= Exercise goal =
When you write out the listing, keep each word exactly as it stands but include none of its images.

** Given information follows **

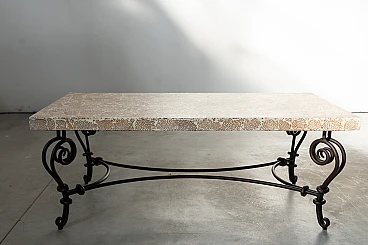 Condizioni: condizioni eccellenti con usura minima. La superficie del tavolo rimane liscia e lucida, mentre la base in ferro mostra una leggera patina, aggiungendo carattere.
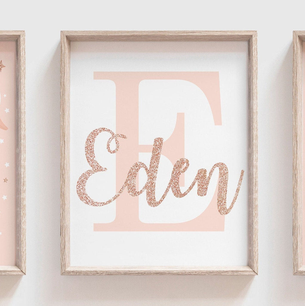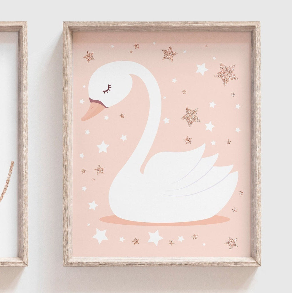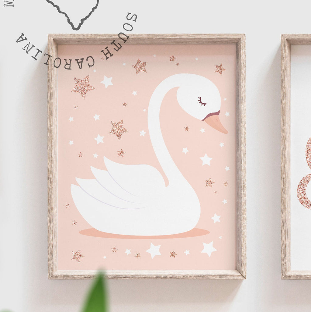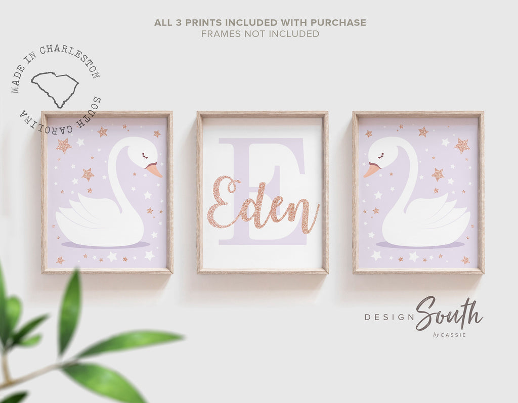 Rose gold name, swan nursery name, baby shower gift, baby girl wall art, blush and rose gold, initial print, custom name, rose gold nursery
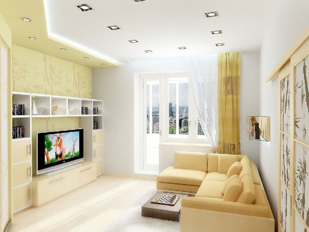 Отличным вариантом для маленького зала будут модели трансформеры и монтируемая техника. Чтобы комната была уютной, в качестве декора можно применять маленькие полочки с подсвечиванием.
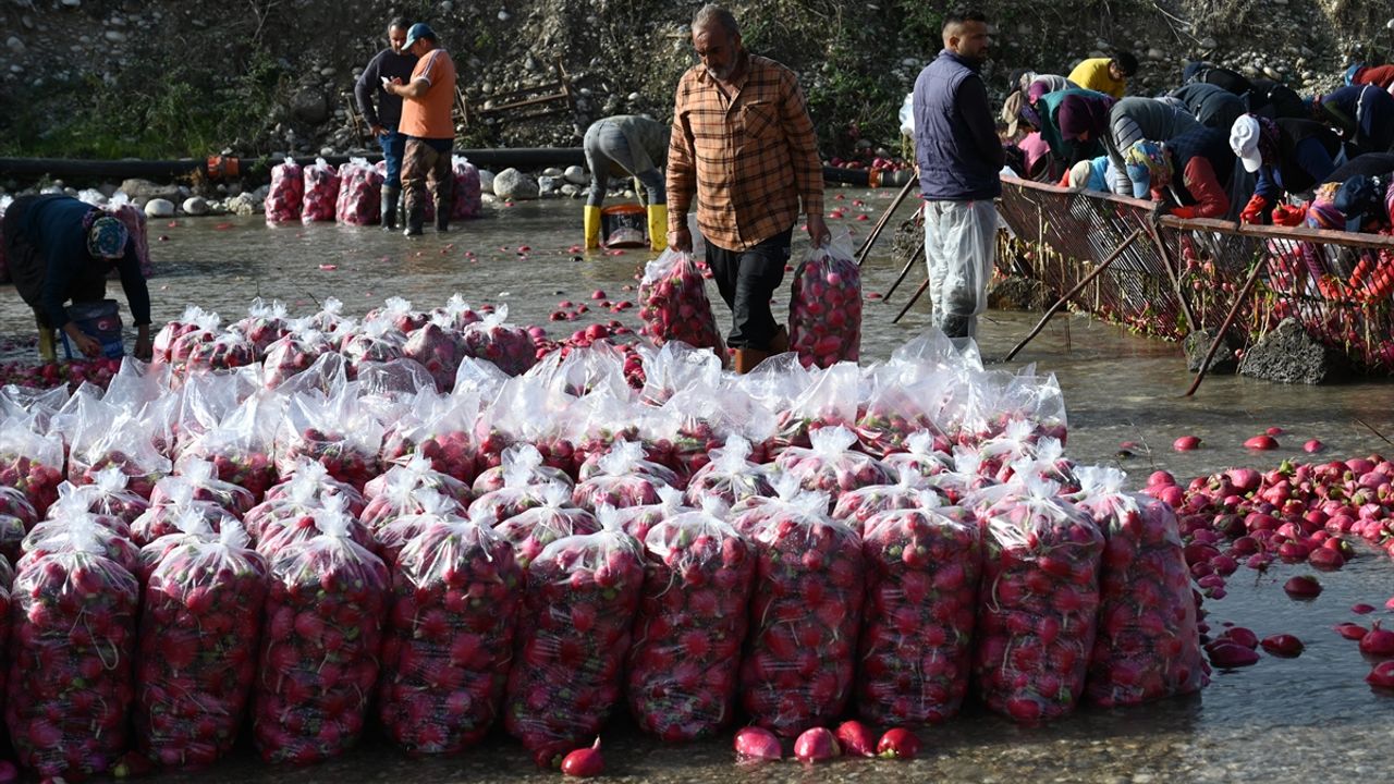 Yetiştirildiği ilçenin adıyla tescillenen kırmızı turplar, hasat edildikten sonra çamurdan arındırılması için Savrun Çayı'na taşınıyor.

** End of Given information **

= Your response =
 Condizioni: condizioni eccellenti con usura minima. La superficie del tavolo rimane liscia e lucida, mentre la base in ferro mostra una leggera patina, aggiungendo carattere.
 Rose gold name, swan nursery name, baby shower gift, baby girl wall art, blush and rose gold, initial print, custom name, rose gold nursery
 Отличным вариантом для маленького зала будут модели трансформеры и монтируемая техника. Чтобы комната была уютной, в качестве декора можно применять маленькие полочки с подсвечиванием.
 Yetiştirildiği ilçenin adıyla tescillenen kırmızı turplar, hasat edildikten sonra çamurdan arındırılması için Savrun Çayı'na taşınıyor.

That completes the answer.